[MATERIAL SHOWN — start]

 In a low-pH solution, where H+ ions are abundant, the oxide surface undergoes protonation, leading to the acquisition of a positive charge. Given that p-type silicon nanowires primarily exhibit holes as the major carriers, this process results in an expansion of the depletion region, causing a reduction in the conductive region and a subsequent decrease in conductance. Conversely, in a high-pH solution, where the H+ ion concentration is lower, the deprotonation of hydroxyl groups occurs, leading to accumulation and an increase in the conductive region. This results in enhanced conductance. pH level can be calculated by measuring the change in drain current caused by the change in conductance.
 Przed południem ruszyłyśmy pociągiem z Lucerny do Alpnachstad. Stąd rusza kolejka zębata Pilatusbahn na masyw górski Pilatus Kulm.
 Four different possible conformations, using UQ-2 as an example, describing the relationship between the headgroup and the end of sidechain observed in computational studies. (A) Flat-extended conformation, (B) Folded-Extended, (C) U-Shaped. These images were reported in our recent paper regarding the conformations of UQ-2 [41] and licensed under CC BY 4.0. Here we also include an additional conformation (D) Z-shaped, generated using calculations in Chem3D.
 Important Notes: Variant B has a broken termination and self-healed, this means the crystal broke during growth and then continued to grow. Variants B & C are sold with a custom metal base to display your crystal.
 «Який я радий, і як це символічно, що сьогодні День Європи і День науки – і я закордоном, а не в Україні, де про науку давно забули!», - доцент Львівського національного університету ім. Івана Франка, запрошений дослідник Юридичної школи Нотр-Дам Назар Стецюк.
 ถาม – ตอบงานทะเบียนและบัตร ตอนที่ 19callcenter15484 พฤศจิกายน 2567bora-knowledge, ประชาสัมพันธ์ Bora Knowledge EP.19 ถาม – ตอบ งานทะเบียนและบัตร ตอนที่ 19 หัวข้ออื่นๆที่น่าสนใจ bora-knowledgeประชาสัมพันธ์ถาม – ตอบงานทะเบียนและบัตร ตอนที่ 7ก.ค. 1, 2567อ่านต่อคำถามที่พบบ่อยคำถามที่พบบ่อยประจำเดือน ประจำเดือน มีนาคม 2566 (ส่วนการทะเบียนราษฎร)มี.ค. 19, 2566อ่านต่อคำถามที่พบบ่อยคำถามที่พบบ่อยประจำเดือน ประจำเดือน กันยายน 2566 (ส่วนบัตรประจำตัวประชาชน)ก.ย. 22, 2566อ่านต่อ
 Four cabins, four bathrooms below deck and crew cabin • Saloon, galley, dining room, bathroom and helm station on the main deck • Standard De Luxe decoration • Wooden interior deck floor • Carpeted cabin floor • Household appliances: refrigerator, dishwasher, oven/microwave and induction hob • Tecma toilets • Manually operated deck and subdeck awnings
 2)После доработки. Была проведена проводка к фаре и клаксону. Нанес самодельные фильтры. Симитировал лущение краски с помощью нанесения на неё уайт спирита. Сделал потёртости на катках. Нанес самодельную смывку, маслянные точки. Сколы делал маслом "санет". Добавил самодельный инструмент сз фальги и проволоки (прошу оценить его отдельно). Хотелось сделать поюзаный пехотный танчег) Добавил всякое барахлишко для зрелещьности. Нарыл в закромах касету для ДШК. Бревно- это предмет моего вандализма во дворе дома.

[MATERIAL SHOWN — finish]
[MATERIAL SHOWN — start]

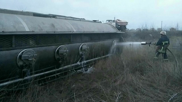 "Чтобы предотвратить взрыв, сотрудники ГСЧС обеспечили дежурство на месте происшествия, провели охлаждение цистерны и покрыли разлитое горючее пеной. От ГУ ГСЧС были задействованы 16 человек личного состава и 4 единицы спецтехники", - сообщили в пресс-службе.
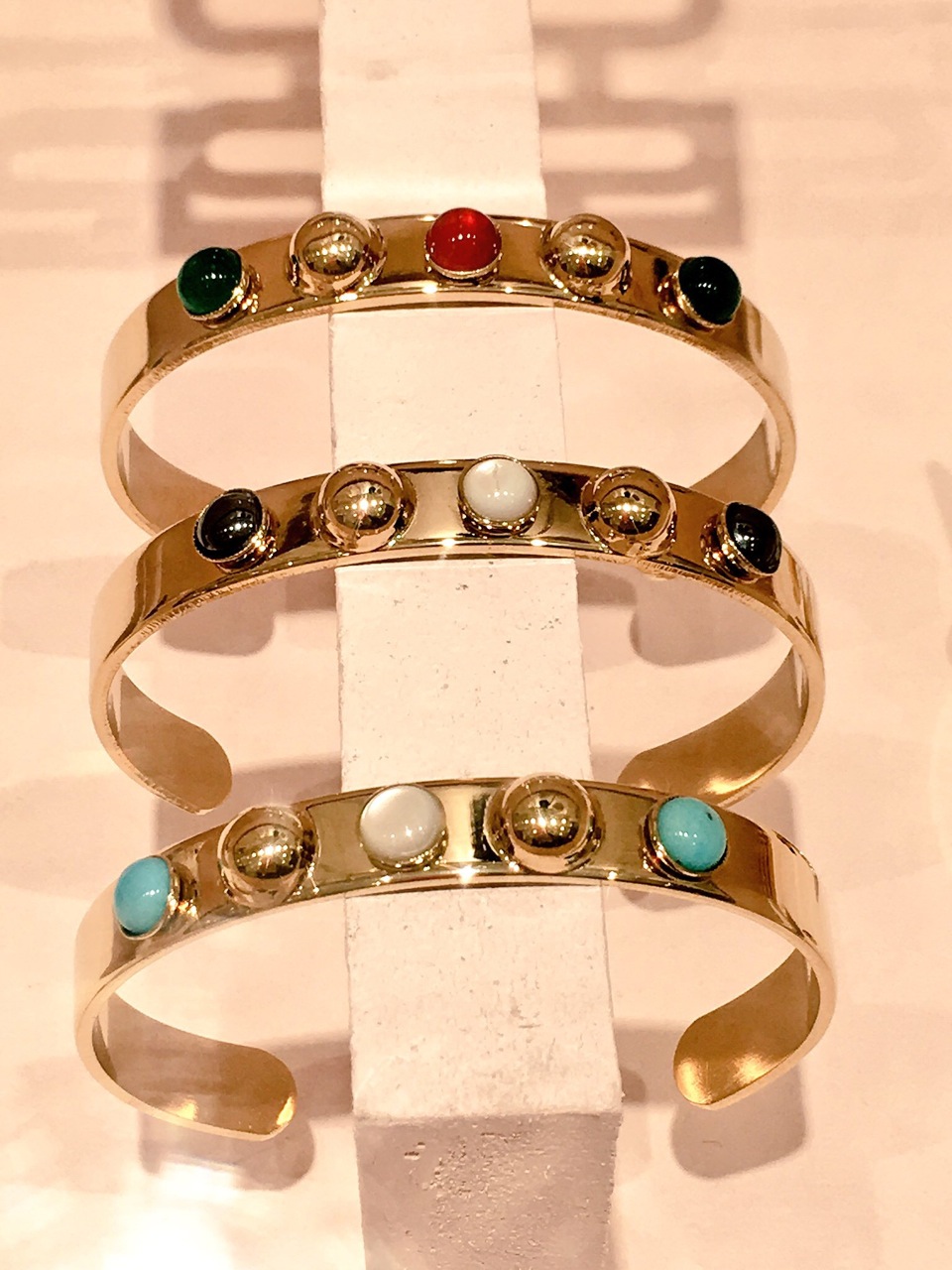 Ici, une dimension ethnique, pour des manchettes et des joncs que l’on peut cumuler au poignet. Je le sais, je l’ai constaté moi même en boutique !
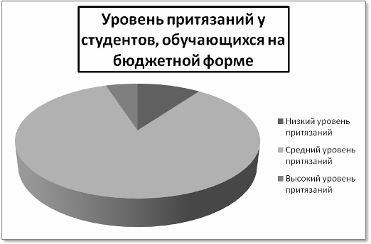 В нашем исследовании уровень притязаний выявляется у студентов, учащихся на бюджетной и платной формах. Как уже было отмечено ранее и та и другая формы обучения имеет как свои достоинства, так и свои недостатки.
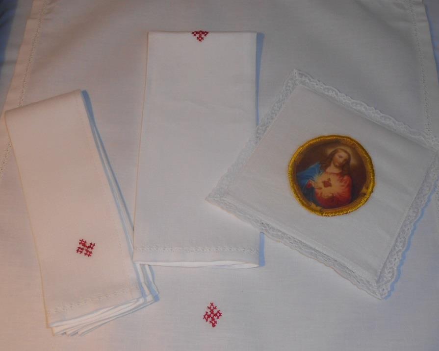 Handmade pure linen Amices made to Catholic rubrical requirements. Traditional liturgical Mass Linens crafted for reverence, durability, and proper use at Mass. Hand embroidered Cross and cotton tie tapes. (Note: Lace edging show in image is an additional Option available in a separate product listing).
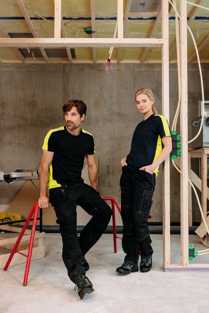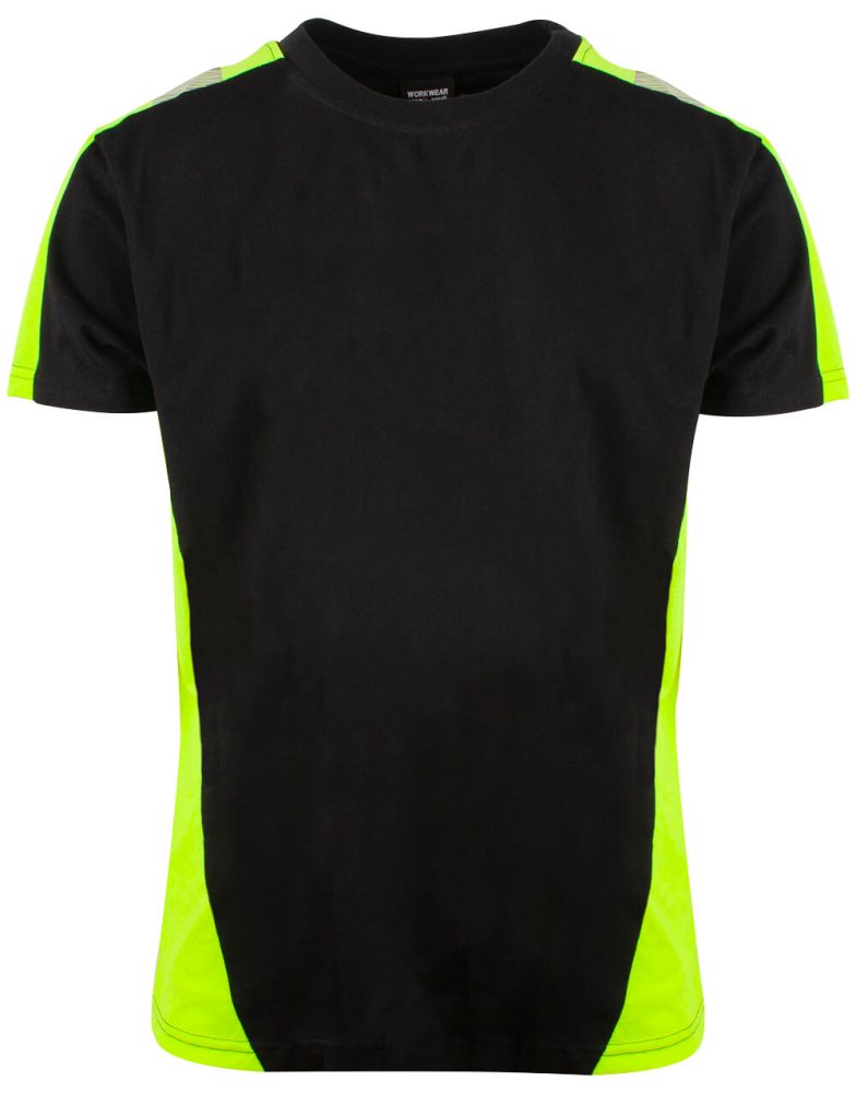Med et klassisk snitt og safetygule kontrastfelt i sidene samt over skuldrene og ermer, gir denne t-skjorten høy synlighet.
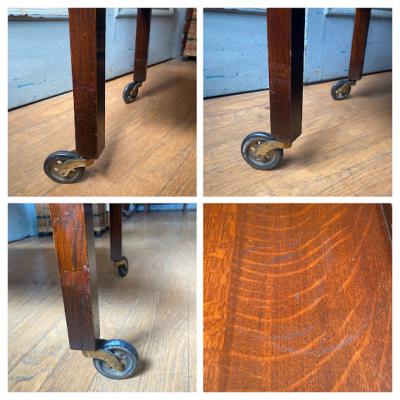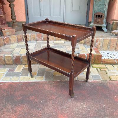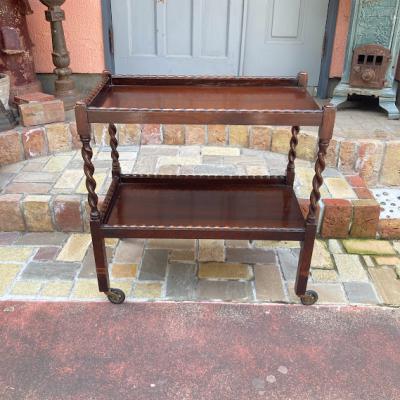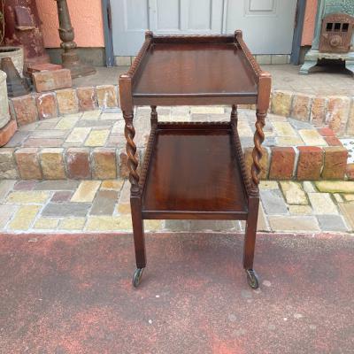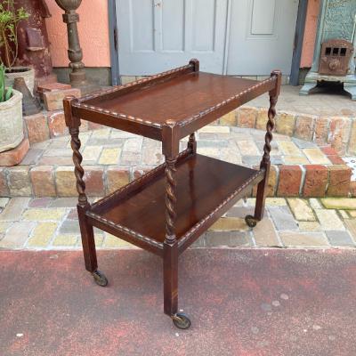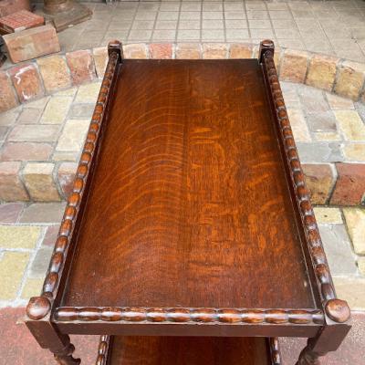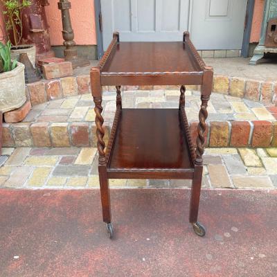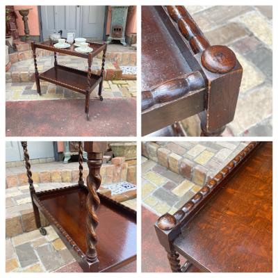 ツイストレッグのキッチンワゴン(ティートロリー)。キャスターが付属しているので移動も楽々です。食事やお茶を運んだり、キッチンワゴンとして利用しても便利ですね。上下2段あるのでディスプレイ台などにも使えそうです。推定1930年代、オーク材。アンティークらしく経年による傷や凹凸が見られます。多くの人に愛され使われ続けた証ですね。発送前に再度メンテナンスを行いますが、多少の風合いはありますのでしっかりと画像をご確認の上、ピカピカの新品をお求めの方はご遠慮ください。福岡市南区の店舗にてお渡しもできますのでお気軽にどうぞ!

[MATERIAL SHOWN — finish]
[MATERIAL SHOWN — start]

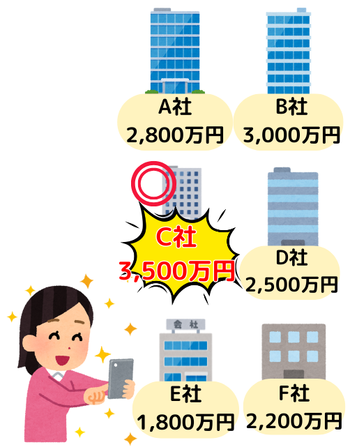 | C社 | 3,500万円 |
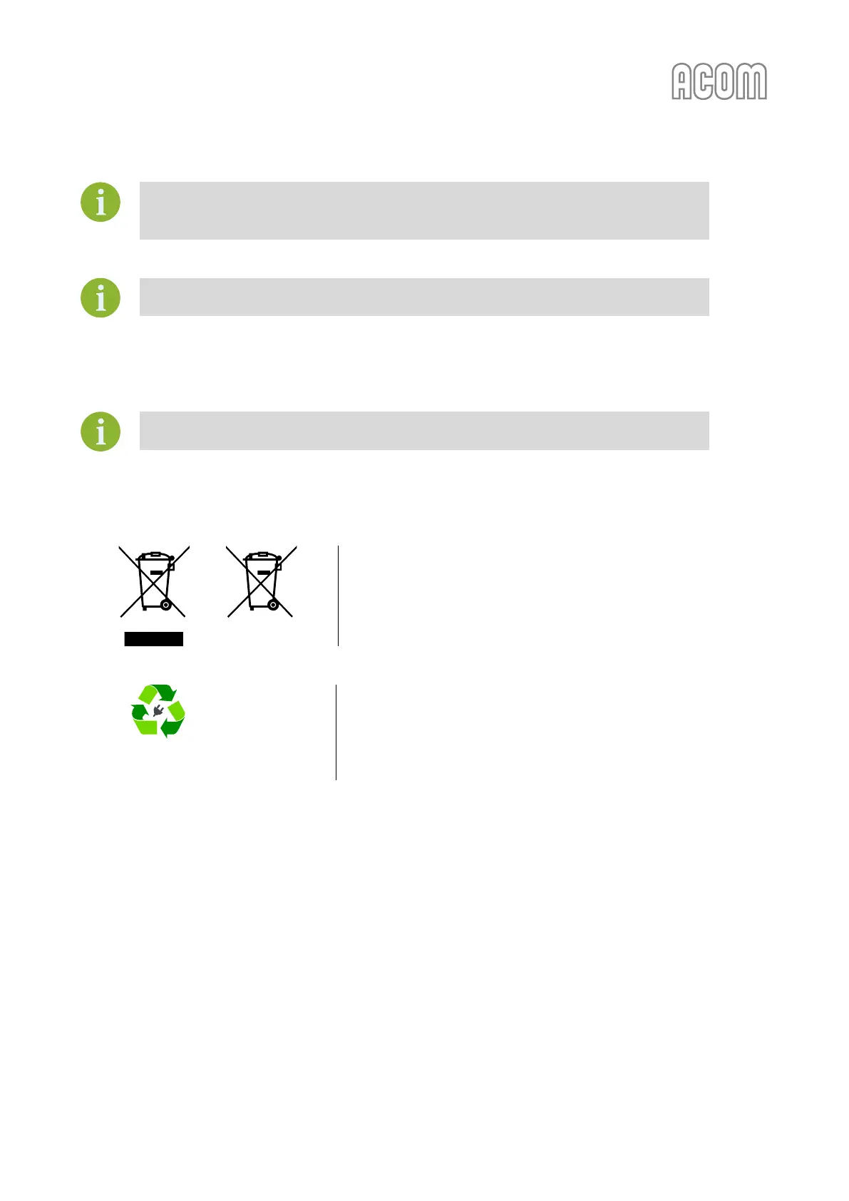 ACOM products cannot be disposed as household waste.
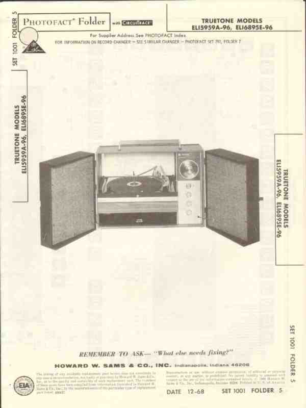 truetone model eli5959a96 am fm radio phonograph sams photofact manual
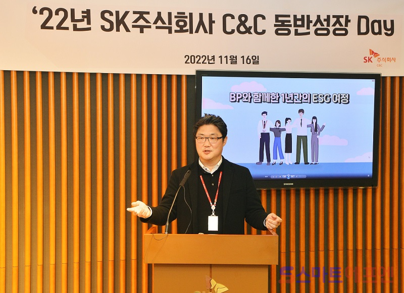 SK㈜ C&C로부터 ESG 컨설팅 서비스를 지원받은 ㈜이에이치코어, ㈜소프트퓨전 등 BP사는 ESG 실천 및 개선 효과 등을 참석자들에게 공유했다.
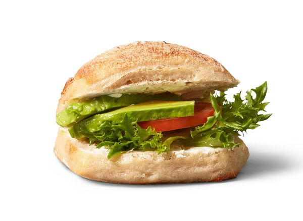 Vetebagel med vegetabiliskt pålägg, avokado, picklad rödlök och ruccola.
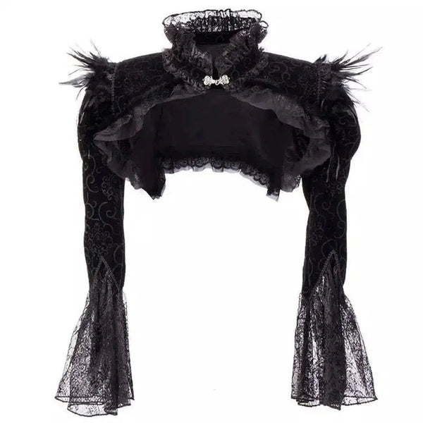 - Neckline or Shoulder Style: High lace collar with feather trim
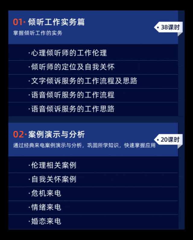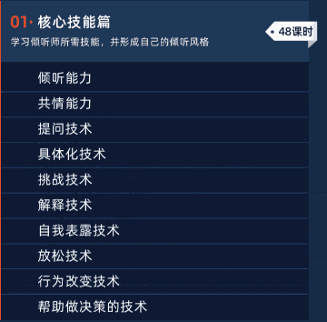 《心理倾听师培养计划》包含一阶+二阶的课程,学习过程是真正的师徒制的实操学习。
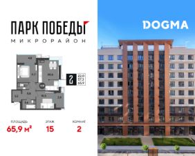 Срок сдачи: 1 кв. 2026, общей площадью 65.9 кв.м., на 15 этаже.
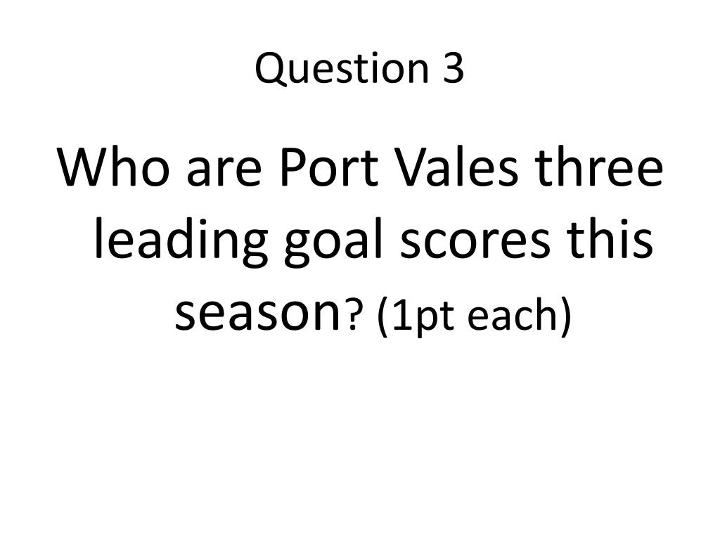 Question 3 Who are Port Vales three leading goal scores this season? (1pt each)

[MATERIAL SHOWN — finish]

YOUR OBJECTIVE: Reproduce exactly the section above that begins at the line containing "ถาม – ตอบงานทะเบียนและบัตร ตอนที่ 19callcenter15484" and ends at the line containing "2)После доработки. Была", leaving out all other lines.

WRITTEN ANSWER:
 ถาม – ตอบงานทะเบียนและบัตร ตอนที่ 19callcenter15484 พฤศจิกายน 2567bora-knowledge, ประชาสัมพันธ์ Bora Knowledge EP.19 ถาม – ตอบ งานทะเบียนและบัตร ตอนที่ 19 หัวข้ออื่นๆที่น่าสนใจ bora-knowledgeประชาสัมพันธ์ถาม – ตอบงานทะเบียนและบัตร ตอนที่ 7ก.ค. 1, 2567อ่านต่อคำถามที่พบบ่อยคำถามที่พบบ่อยประจำเดือน ประจำเดือน มีนาคม 2566 (ส่วนการทะเบียนราษฎร)มี.ค. 19, 2566อ่านต่อคำถามที่พบบ่อยคำถามที่พบบ่อยประจำเดือน ประจำเดือน กันยายน 2566 (ส่วนบัตรประจำตัวประชาชน)ก.ย. 22, 2566อ่านต่อ
 Four cabins, four bathrooms below deck and crew cabin • Saloon, galley, dining room, bathroom and helm station on the main deck • Standard De Luxe decoration • Wooden interior deck floor • Carpeted cabin floor • Household appliances: refrigerator, dishwasher, oven/microwave and induction hob • Tecma toilets • Manually operated deck and subdeck awnings
 2)После доработки. Была проведена проводка к фаре и клаксону. Нанес самодельные фильтры. Симитировал лущение краски с помощью нанесения на неё уайт спирита. Сделал потёртости на катках. Нанес самодельную смывку, маслянные точки. Сколы делал маслом "санет". Добавил самодельный инструмент сз фальги и проволоки (прошу оценить его отдельно). Хотелось сделать поюзаный пехотный танчег) Добавил всякое барахлишко для зрелещьности. Нарыл в закромах касету для ДШК. Бревно- это предмет моего вандализма во дворе дома.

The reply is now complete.